Repeat the data word for word, excluding every picture.

# Stored data
◇ ◇ ◇
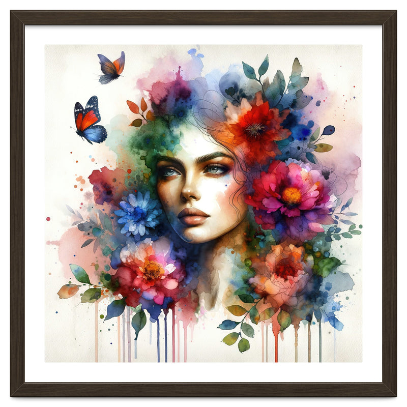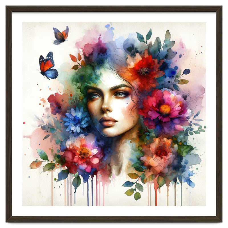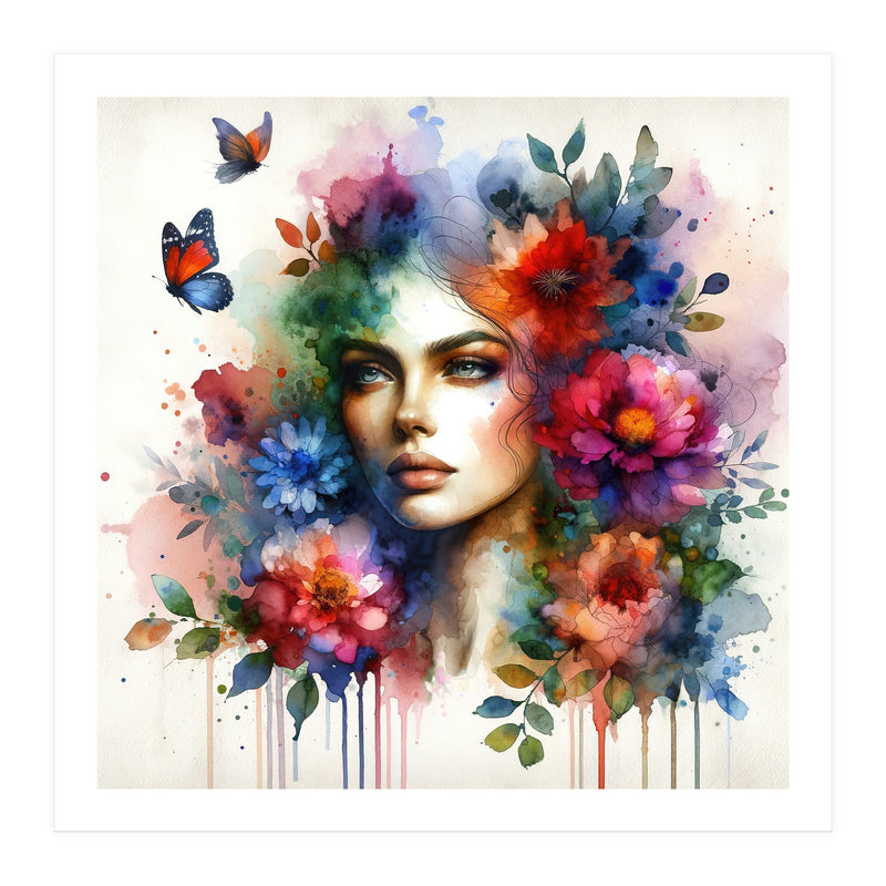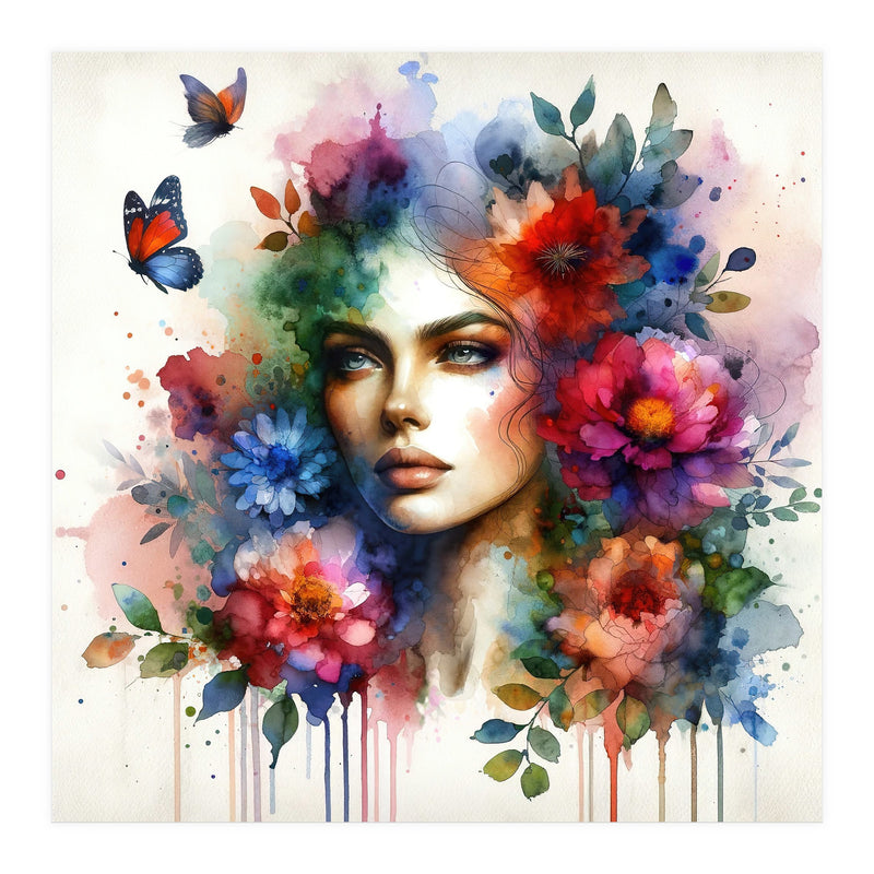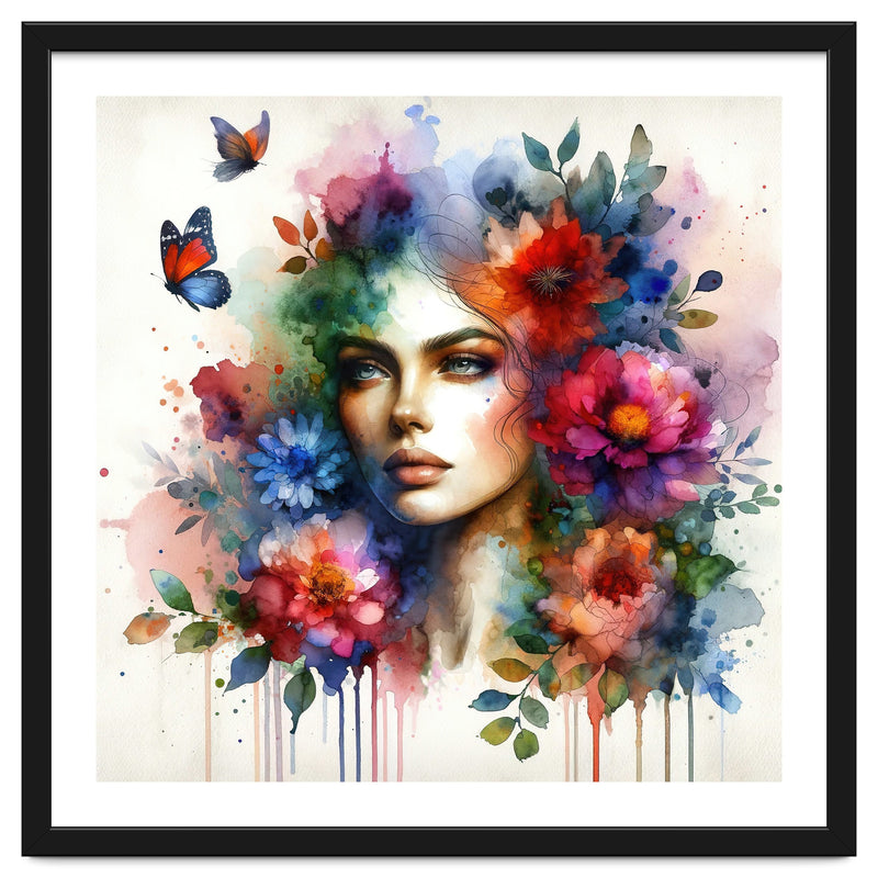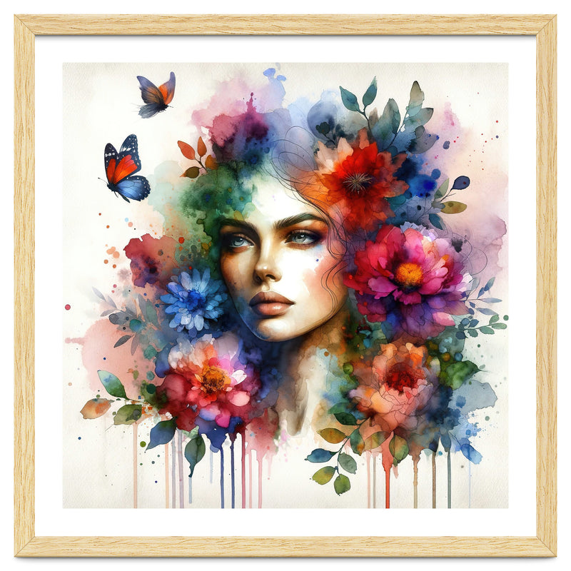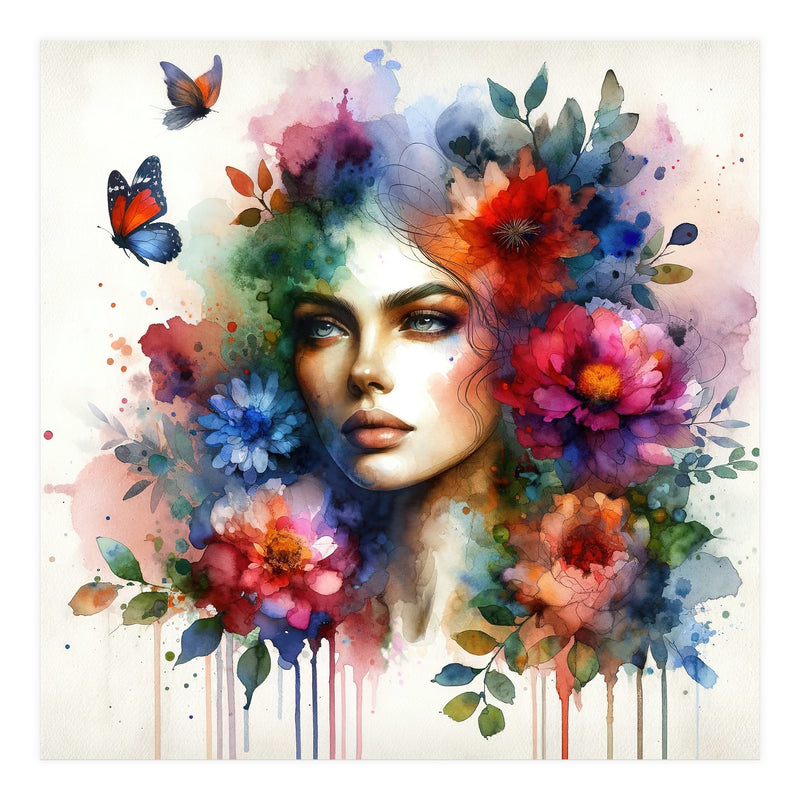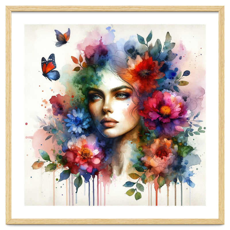 A serene portrait framed by colorful garden blossoms, soft leaves, and drifting butterflies on a clean light background. Luminous watercolor washes, subtle splashes, and clean negative space create a refined contemporary focal point.
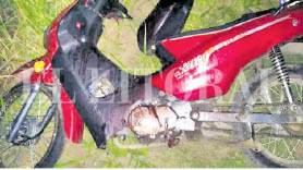 Peritos del Gabinete Criminalístico trabajaban en el lugar, donde hallaron la moto en la que intentó huir el delincuente.
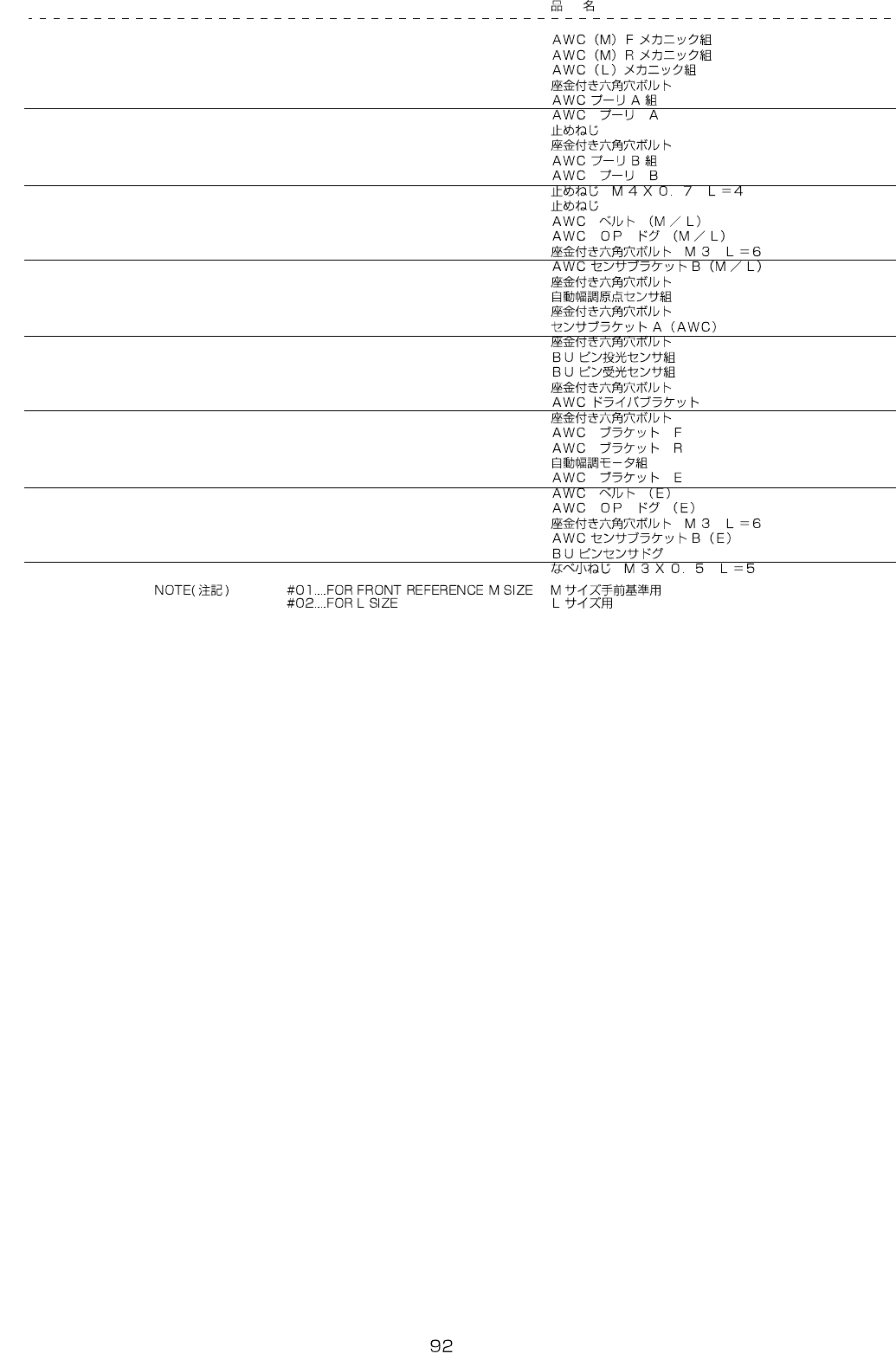 REF.NO NOTE PART NO D E S C R I P T I O N Qty
◇ ◇ ◇
# Result for this task
 A serene portrait framed by colorful garden blossoms, soft leaves, and drifting butterflies on a clean light background. Luminous watercolor washes, subtle splashes, and clean negative space create a refined contemporary focal point.
 Peritos del Gabinete Criminalístico trabajaban en el lugar, donde hallaron la moto en la que intentó huir el delincuente.
 REF.NO NOTE PART NO D E S C R I P T I O N Qty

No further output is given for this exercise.